I believe that there is some ambiguity in this situation. In his original post Dan says: "I have syslog logging enabled on my test router here." But as Mohammed points out the symptoms sound like logging to the buffer is not configured. Perhaps Dan could post the output of "show run | include logging" and this would show exactly what is configured. Posting the output of "show log" would also be helpful and would help us to see what logging is enabled.

I wonder if there is a slightly different possibility of an explanation. When you do show log it displays the first set of lines which describe what is enabled for logging and displays a "more" prompt. If you type anything other than the space bar or the enter key then the display is terminated. Which would produce the symptoms described. (I have had experience with some terminal emulators which would frequently send something that is interpreted as a key stroke and would terminate show displays. Perhaps Dan could clarify whether there was a more prompt when he does the show log command?



danny9797 Fri, 05/25/2007 - 07:30

Sorry for the confusion guys and thanks for the replies.

If I issue the sh log command, it states Syslog logging: enabled.

It wasn't going to the buffer though. So I just enabled the logging to go to the buffer but it's still not doing anything.

If I issue the command sh logging, I just get an extra line - %SYS-5-CONFIG_I: Configured from consol by vty0

Richard Burts Fri, 05/25/2007 - 07:56


As you have discovered having syslog enabled is one thing and controlling what it is sent to is something else. Syslog messages go to the console by default and may also go the the monitor (to the vty sessions when terminal monitor is enabled), to the logging buffer, and to a syslog server.

The fact that you got the line:

%SYS-5-CONFIG_I: Configured from consol by vty0

is an indication that logging to the buffer is working. It sounds like you are expecting other things in the log. Can you tell us what you were expecting that is not there? Your original post mentioned something about performance logs, but I am not clear what you are describing as performance logs.



danny9797 Fri, 05/25/2007 - 08:42

Is the sh logging command used to execute the logs in the buffer? I thought I would get more useful information out of the logging, all it tells me is 12 messages logged for console and 16 messages for trap logging. What good is this info?

When I mentioned performance logs, I meant overall health and performance of the router. I know about the cpu and memory commands but are there any logs that indicate communication issues with another link, slowness and congestion on the line, etc.

I had some very poor ping responses from the router this morning, many crc errors, aborts,etc, how can this be troubleshooted on the router and what may be causing it?

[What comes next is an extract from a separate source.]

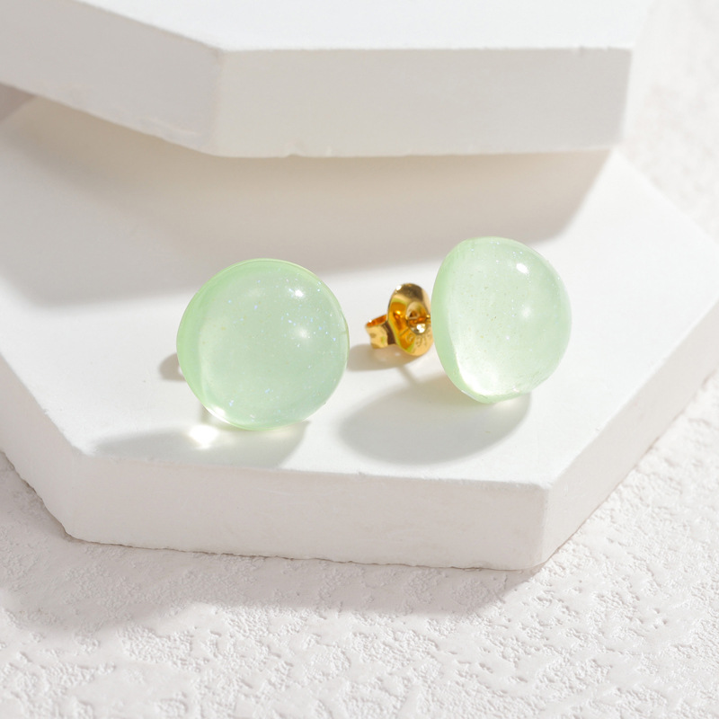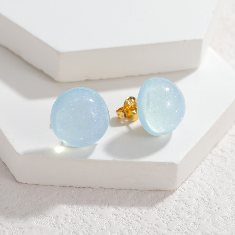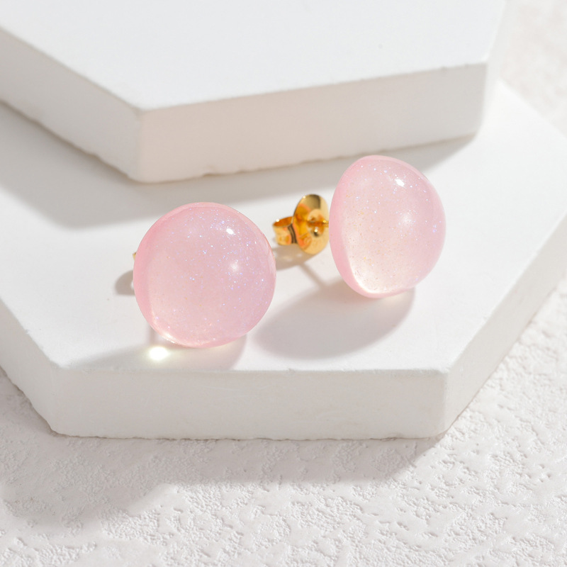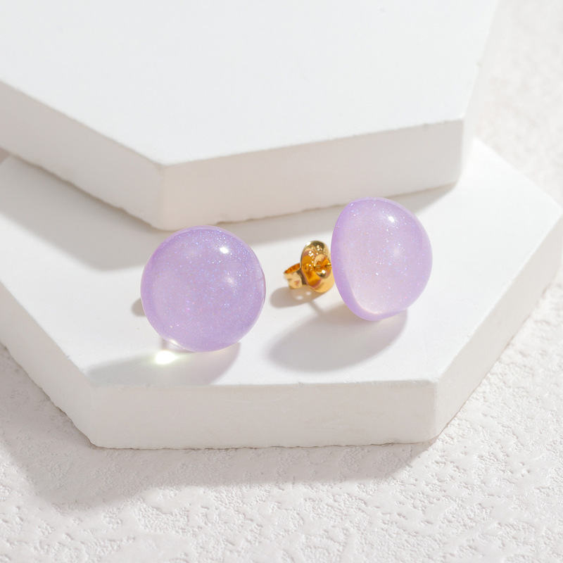 Arito de resina, hierro aguja de pendiente, Cúpula, chapado en color de platina, color mixto, 8mm, 12parespareja/Bolsa, Vendido por Bolsa

Richard Burts Fri, 05/25/2007 - 08:50


Most of what you are looking for are things that will not be in the logs. The logs are good for things like interfaces up or down. If you are running a dynamic routing protocol, there are sometimes routing protocol messages (warnings or errors) that are written to syslog. But things like CRC errors, or interfaces resets, or line congestion are not written to syslog. You need other monitoring or troubleshooting tools and approaches for that.